# What happens to shares in a takeover?



## BadSanta (26 Mar 2009)

Hi all,
this is a general question and not related to any one share. I was just wondering what happens to shares one would hold in a company if another organisation buys them out?
for example, if an irish bank was bought by a spanish bank, do the shareholders of the irish bank get shares in the spanish bank, or a cheque for the value of their shares at the time?

reason im asking is im paying attention to an exploration stock that is rising and there is a possibility of a bid to buy them out and I am jsut wondering if i buy in what happens if they are bought out.

thanks...


----------



## roro123 (26 Mar 2009)

I think you end up with shares in the new company relative to the value of the takeover offer. Company A buys out company B, Then its all company A from then on. Haven't ever had to go through one but I always thought that was one of the ways it worked.Also I think the only time you get cash is if the company is taken private and your shares are forced out of your hands. Correct me if I'm wrong


----------



## Brendan Burgess (26 Mar 2009)

Hi Bad Santa

You could either get shares or cash.

At the moment with cash in short supply, companies tend to use shares for takeovers. 

But if an acquiring company has cash or access to cash, they might well use that. 

Brendan


----------



## Lsquared (26 Mar 2009)

What timing!
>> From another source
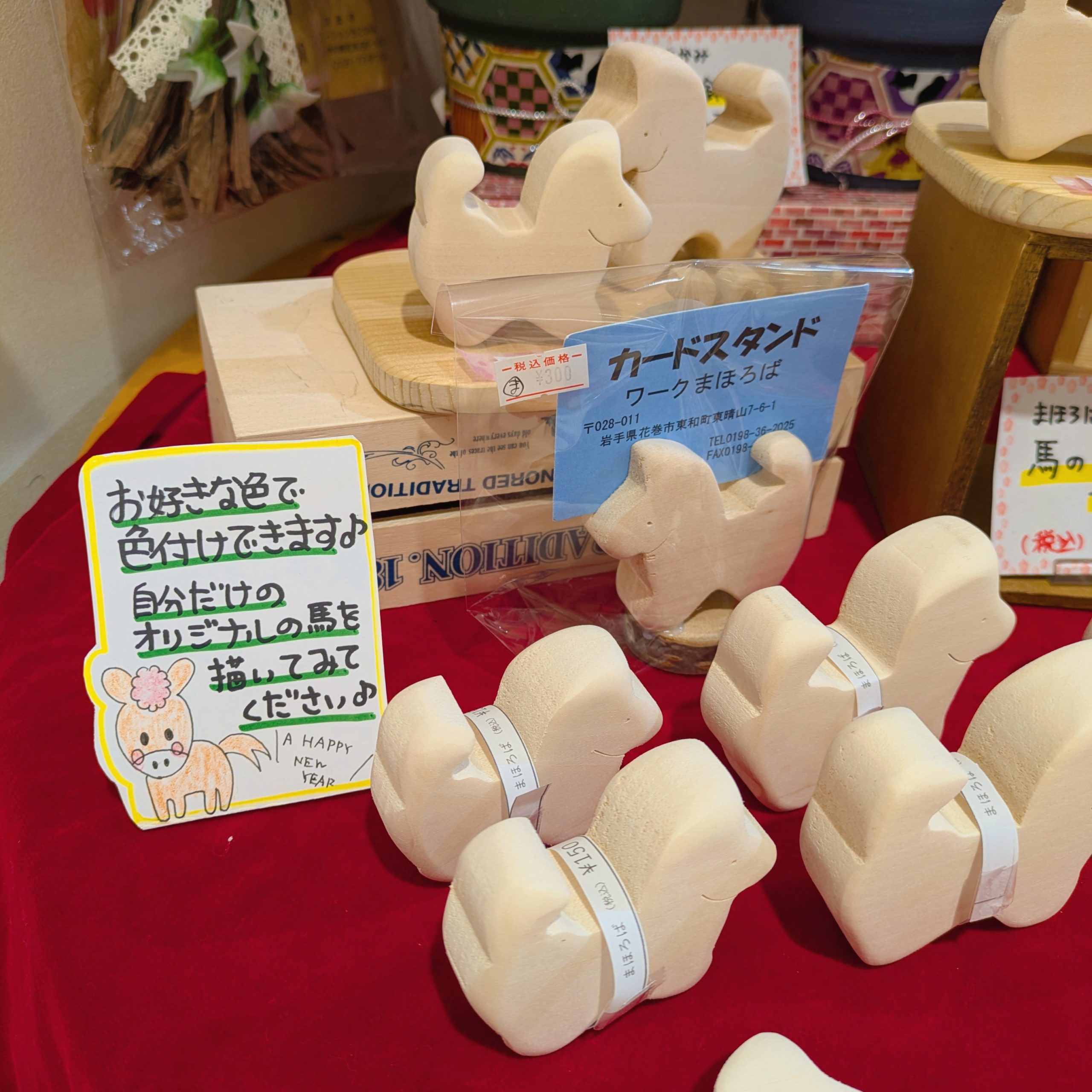 ワークまほろば「木工品・馬の置物2026」800円(税込)「木のおもちゃ」150円(税込)

I just went through this scenario yesterday. I had shares in company A and had been holding them for the long haul but Company B had been buying up shares and had pretty much taken over. Company B made a cash offer only for the remaining shares - no option to exchange tax free for shares in the acquiring Company B. So it was either tender for cash at the price finally agreed between both companies by yesterday's deadline or be stuck with a relatively illiquid stock. On other occasions I have ended up with shares of the acquiring company so things can go either way.


----------



## tommy1980 (4 Apr 2009)

What about in the case of a merge between company A and company B where a new unified company is created???


----------



## JUDGE JUDY (4 Apr 2009)

A MERGER.  I bought 300 shares in Glaxo Smithkline for £150 EACH and then they merged with beechams. my shares went up because it was perceived by the market place (buyers and sellers) as a good thing, Glaxo bought out market share so therefore it was interesting to us and we bought more in anticipation of the company doing well. then beechams worth was added to the portfolio and a dividend was payed in either shares (prefered) or cheque.


----------